Tree metrics and log-concavity for matroids

TL;DR

This paper characterizes when a set function satisfies the gross substitutes property using Lorentzian polynomials, and applies this to resolve open problems related to Mason's log-concavity conjectures for matroids.

Contribution

It provides a novel characterization linking Lorentzian polynomials to gross substitutes and solves longstanding open problems in matroid theory.

Findings

Set function $ u$ satisfies gross substitutes iff its polynomial $Z_{q, u}$ is Lorentzian for all $q \,\leq 1$.

Established a rank 1 upper bound for ultrametric tree distance matrices.

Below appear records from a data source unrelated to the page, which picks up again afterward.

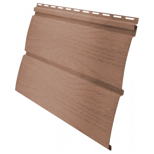 Сайдинг виниловый Блок-хаус Grand Line - облицовочный материал, предназначенный для отделки фасадов частных жилых объектов (домов, коттеджей, дач и т.п.). Обшивка сайдингом виниловым защищает от атмосферных осадков, воздействий внешней среды, а так же служит для сохранения тепла при использовании с соответствующим утеплителем. Геометрия панели (радиус ламели) сайдинга «Блок-хаус» D4,8 повторяет форму натурального бруса из ценной породы дерева - карельской сосны возрастом не менее 100 лет. Текстура поверхности со специальными «сучками» достоверно имитирует деревянный фасад. Длина общая: 3000 мм Ширина полезная: 244 мм На одном конце листа присутствует перфорация, которая позволяет упростить монтаж сайдинга винилового. Благодаря конструкционным особенностям замка панелей Grand Line Amerika время их монтажа снижается в 2 раза. Сайдинг виниловый выполняет следующие функции: защита фасада от воздействия ветра, снега, дождя и внешней среды; сохранение тепла (при использовании с соответствующим утеплительным материалом); имитация деревянной доски различной ширины, клееного бруса, сруба (декоративная функция). Одним из важнейших показателей для сайдинга винилового является прочность. От нее зависят особенности проведения монтажных работ и срок эксплуатации облицовки фасада. Для максимального увеличения этого показателя производителем используется запатентованная система ShockProof GL. Результатом плодотворного сотрудничества с компанией Penn Color Inc. и The Vinyl Siding Institute (VSI) стала эксклюзивная система защиты SunProof GL. Внедрение ее в производство позволило получить сайдинг для наружной отделки с уникальной стойкостью к выцветанию. Для производства винилового сайдинга Grand Line Amerika используются компоненты ведущих американских и европейских производителей. Рецептура сайдинга содержит 100% ПВХ американского производства крупнейшего завода производителя ПВХ в мире. Также завод Grand Line имеет самое современное в России техническое оснащение, новейший парк производственного оборудования. Эксплуатируется оборудование производства США, Австрии, Италии. Сайдинг-панель D4,8 GL America – один из наиболее популярных материалов, так как обладает рядом достоинств. Преимущества сайдинга винилового Grand Line: Обладает красивой текстурой, не электризуется, отталкивает пыль, грязь. Производитель предоставляет 50 лет гарантии на все модели сайдинга. В течение всего срока эксплуатации такая облицовка не растрескается, не вздуется, не расслоится. Монтаж сайдинга прост и удобен. Предусмотрена специальная конструкция замка, который легко защелкивается, выдерживает сильные нагрузки и давление. За счет этого каждая панель винилового сайдинга плотно прилегает друг к другу. Фасадный материал от Grand Line сохраняет насыщенность цвета. Сайдинг для наружной отделки дома имеет уникальную систему защиты от воздействия ультрафиолетовых лучей. Со временем такой фасад не выцветает и сохраняет свой привлекательный эстетичный вид. Сайдинг виниловый обладает повышенной ударной прочностью. Отделку таким материалом можно проводить девять месяцев в году. Фасадные панели сохраняют ударопрочность при температуре до -10 градусов по Цельсию. При изготовлении такого фасадного материала используются только современное европейское оборудование и высококачественный поливинилхлорид (ПВХ). Имеет малы
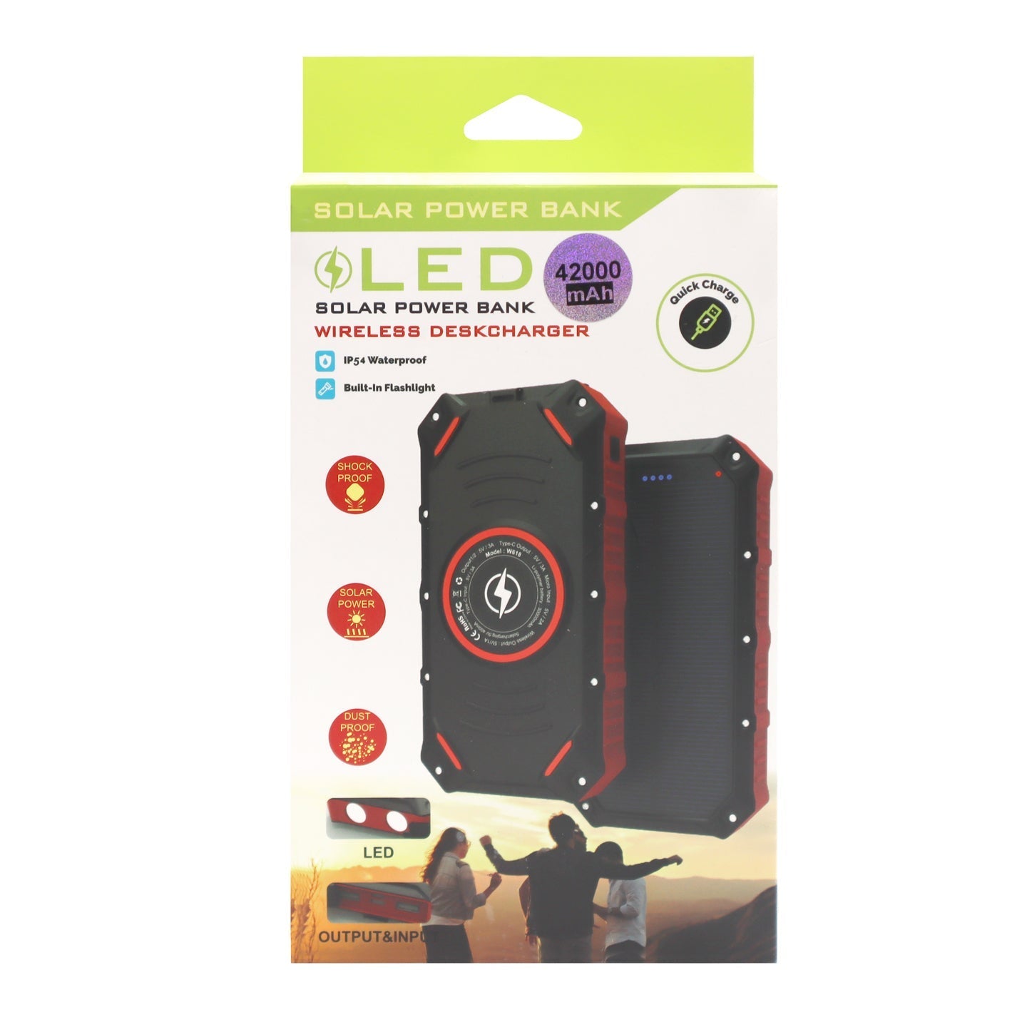 Power Bank - Solar Wireless Charging W/LED Light (42000mah)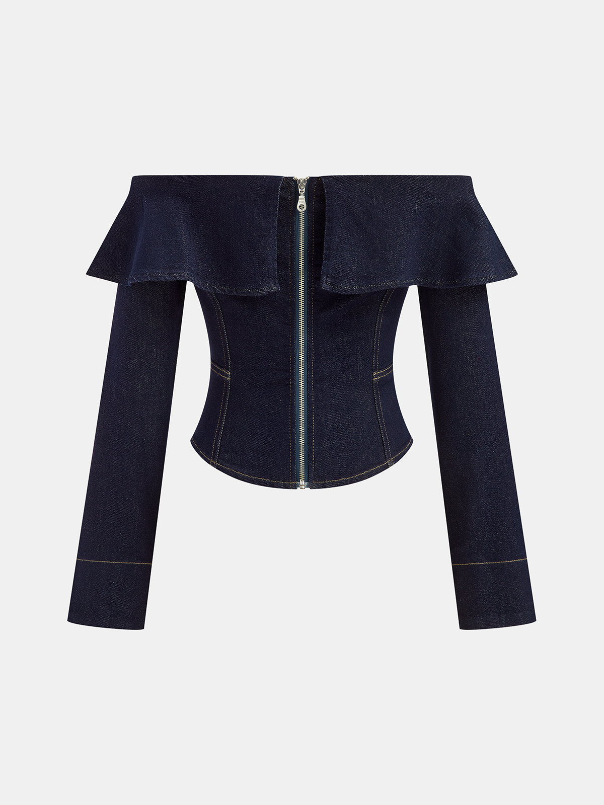 casual,clothing,coll:denim,coll:tops,corpcore,denim,denim tops,fall,in_six_month,inner sample,long sleeve,minegence,navy,no,not_low_sales,oa250722091,regular,ruffle,short top,slight stretch,slim fit,spring,straight neck,tops,women
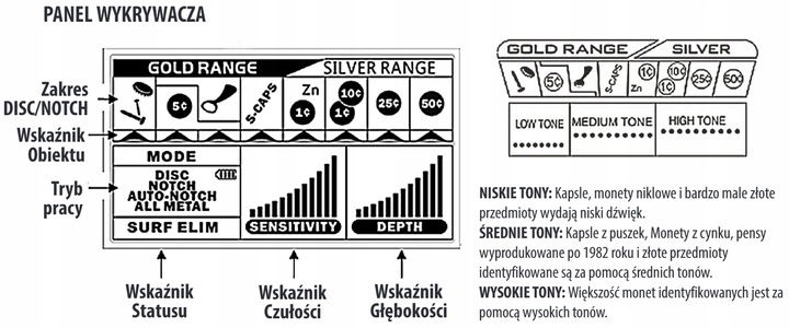ЦЕЛЬНОМЕТАЛЛИЧЕСКИЙ ДИСК, НОТЧ и АВТО-НОТЧ - это движущиеся режимы. В этих режимах детектор информирует о найденных объектах звуками 3-х разных тонов. Детектор работает в режиме автоматического баланса грунта. Чувствительность можно настроить в соответствии с вашими потребностями, но ручная балансировка грунта недоступна. Чтобы отклонить недорогие металлические предметы, используйте настройки ДИСК и НОТЧ. В режиме движения катушка должна постоянно двигаться, чтобы иметь возможность обнаруживать объекты.

Resolved open problems on Mason's log-concavity conjectures for matroids.

Abstract

We show that a set function $\nu$ satisfies the gross substitutes property if and only if its homogeneous generating polynomial $Z_{q,\nu}$ is a Lorentzian polynomial for all positive $q \le 1$, answering a question of Eur-Huh. We achieve this by giving a rank 1 upper bound for the distance matrix of an ultrametric tree, refining a classical result of Graham-Pollak. This characterization enables us to resolve two open problems that strengthen Mason's log-concavity conjectures for the number of independent sets of a matroid: one posed by Giansiracusa-Rinc\'on-Schleis-Ulirsch for valuated matroids, and two posed by Dowling in 1980 and Zhao in 1985 for ordinary matroids.